A cautionary tale about ‘missional’ churches

Charles Arm related his sentiments to the ever growing and ongoing conversation about being  a missional congregation. I have to say that his comments struck a chord with me, because I resonate with the importance of being connected with one’s community. Indeed, I have discovered that some persons substitute involvement in the community for participation in the local church for worship and fellowship. Arn rightly reminds us that the church is the body of Christ (emphasis his) as opposed to being merely one aspect of the body of Christ. There is a difference.

Yes, I know the church is not the building. I like using the term missional because it relates to being in the community and outside the walls of the church house. We need to be involved in the felt needs of others, helping those who are hurting, feeding those who are hungry, and genuinely sharing the love of Christ through our actions and our words.

What I have found on occasion, is a criticism aimed at the church when it seeks to attract more persons into its fellowship. It boils down to the fact that getting more people to come to church is not what the gospel is about, and when churches do this, they become distracted and not follow through on Kingdom work. This of course is a danger, but also an incomplete assessment of what the church should be about.

Our church is involved in many community based ministries, more than any other church I’ve been associated with as a pastor. Most recently we have begun a partnership with Rare Breed, an outreach to homeless teenagers who are in need of housing, stability, and an opportunity to improve their lives. It has been an eye-opener to learn about how many teens fall into this category in need of support. Another area of involvement has related to the Homeless Count, which is important for Springfield in order to secure government assistance in providing supplies and resources for adults and families. School will be starting soon, which means we will be gather supplies for needy students and offering the International Student Household Item Giveaway.
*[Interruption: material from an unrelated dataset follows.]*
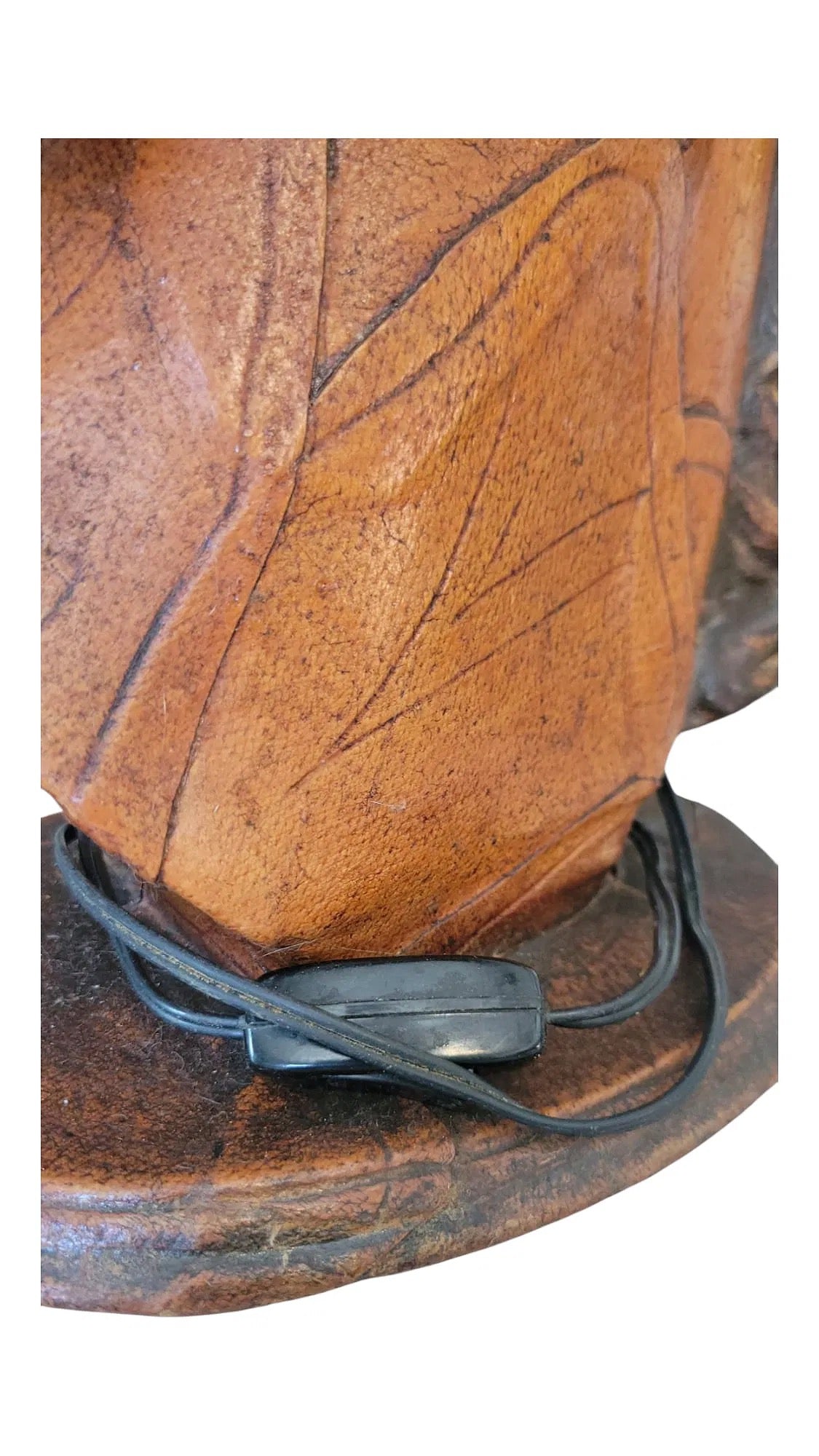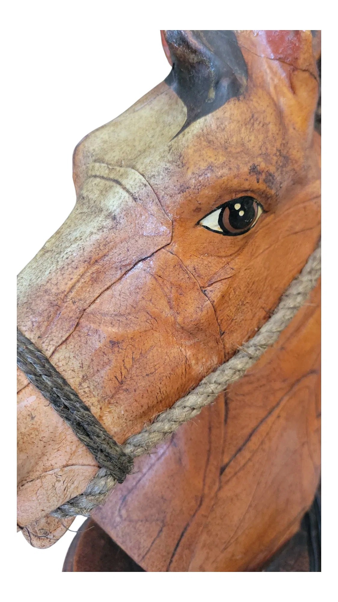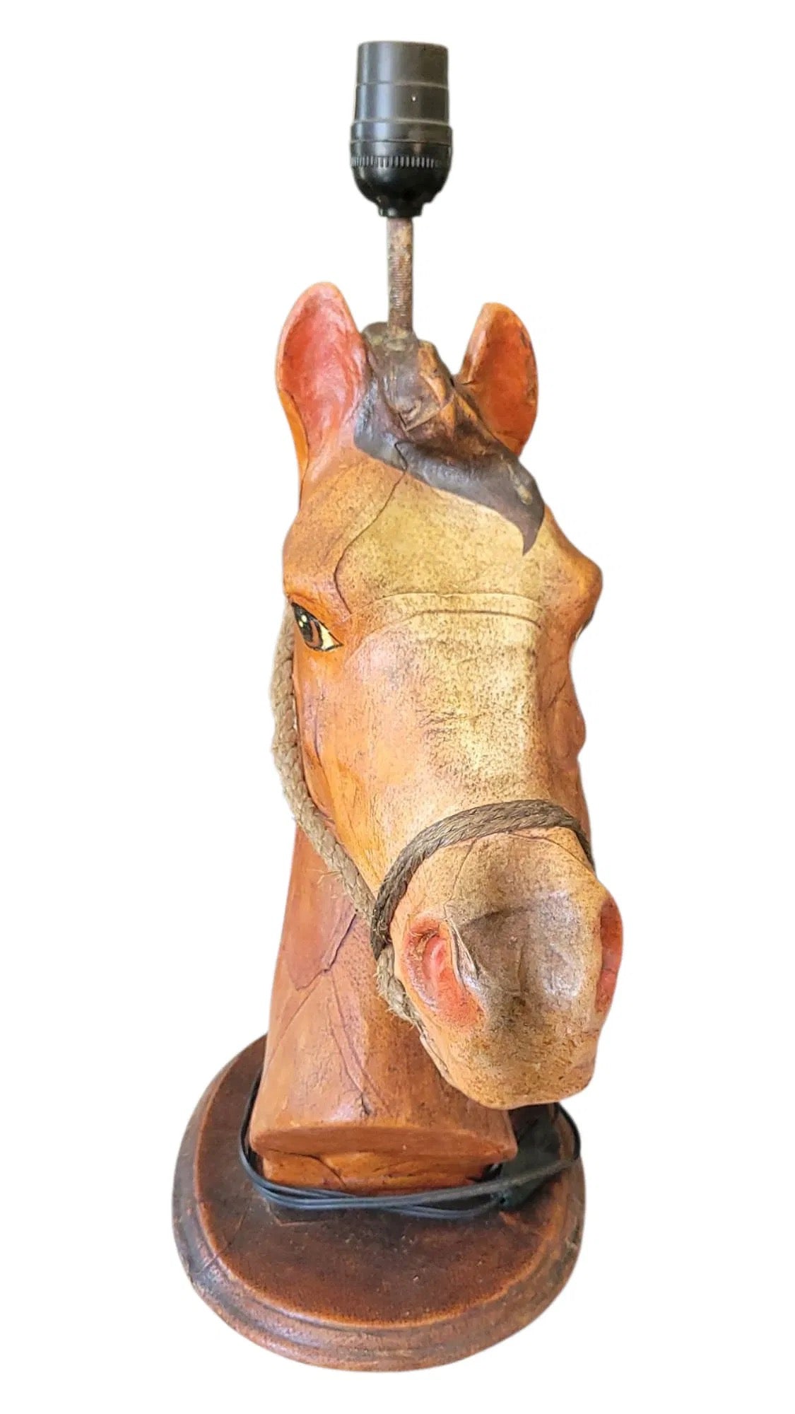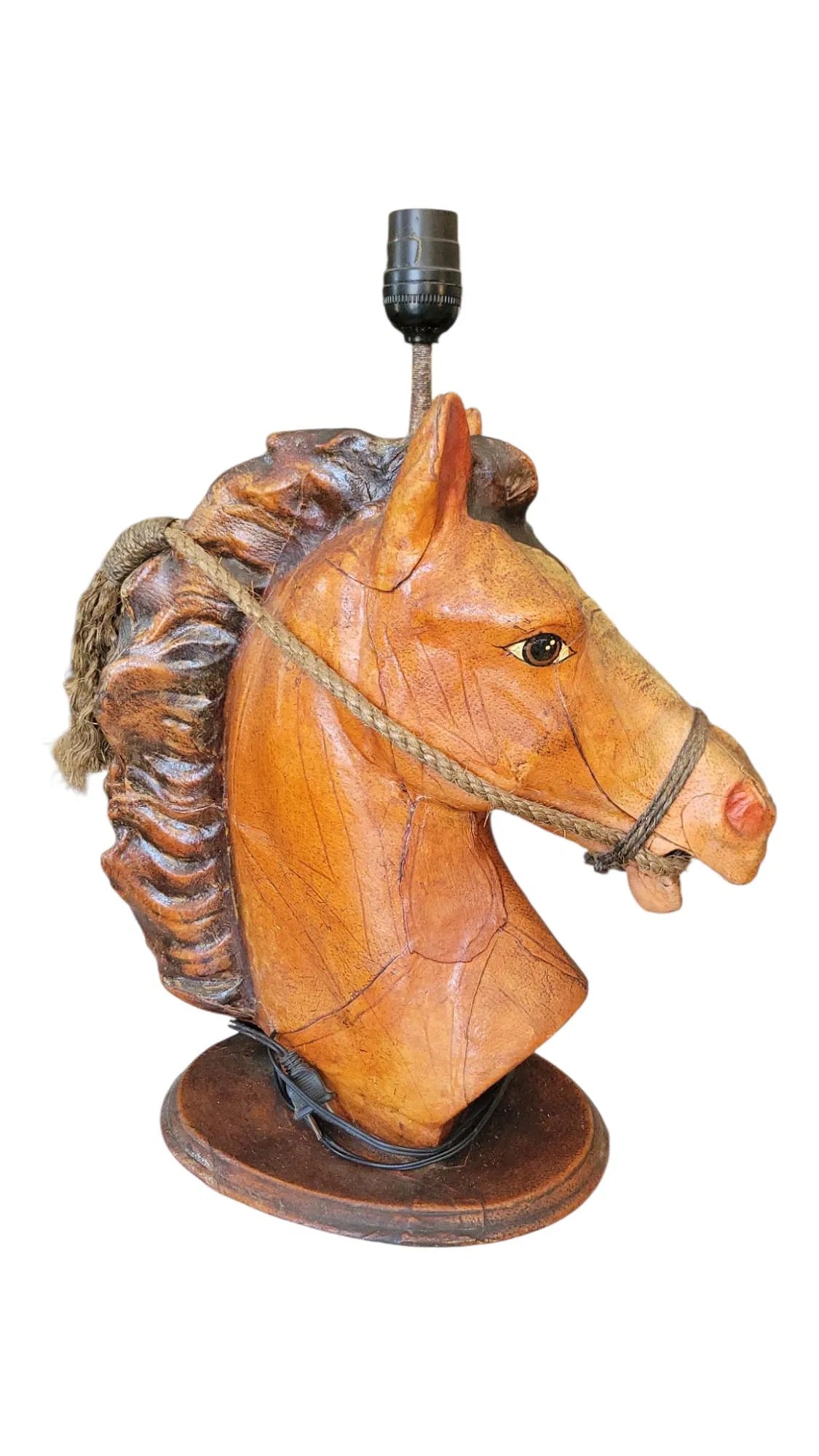 A total scene-stealer, with a perfectly dramatic stare. This vintage hand-molded leather lamp features a stallion bust with roped bridle, detailed eyes, and sculptural presence. Richly textured and full of character, it’s ideal for a library, den, or anywhere that could use a little handsome ruggedness. Giddy-up.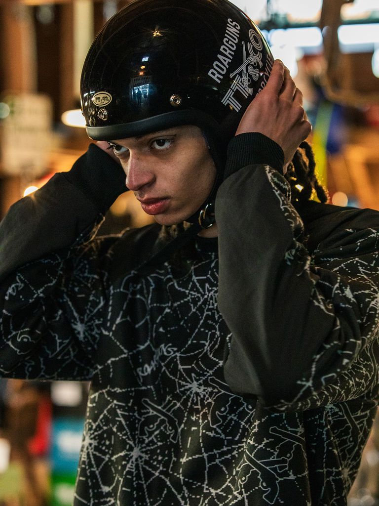 今シーズンの象徴的存在ともいえるでコラボギア。デザイナー自身が愛用するヘルメット

These ministries are important and our church is glad to be a part of them and other community ministries. However, I can relate to the criticism aimed at Andy Stanley in Arn’s article about building a bridge into the church parking lot to alleviate traffic (I hope you take time to read the article).  One blogger criticized Stanley for being “un-missional.” I can’t comment on the price tag and need, but do know that this kind of criticism is hard to avoid, especially if a church is trying to find ways to bring more people into the fellowship. This seems to happen when money is being spent on the local church, whether it is the building or a ministry start up.

The local church definitely has had it problems, but it remains “the bride of Christ.” There have been times through the years I”ve thought about “chunking it” in terms of church involvement, and appreciate how others would feel the say way. Even so, these sentiments do not negate the reality that the church is the bride of Christ, not merely “a bride of Christ.”

Last Sunday I told a story about a busload of tourists on their way to the Grand Canyon, and along the way they passed through the Rocky Mountains and the majestic scenery of the great plains. However, they were so focused on their final destination that they pulled their blinds down and didn’t bother looking outside along the way. Instead of looking outside, they had to look inside the bus and as a result found things to criticize and complain about. The point of this familiar story is that the church can often be compared to that bus, and we are so consumed with our final destination as believers that we do not see the opportunities to share Christ and grow along the way.

The journey is important, and if that is what being missional is about, then I hope and pray that our church is like that. Let us do all we can to love people, reach people, and while we are at it be the people that God would desire us to be.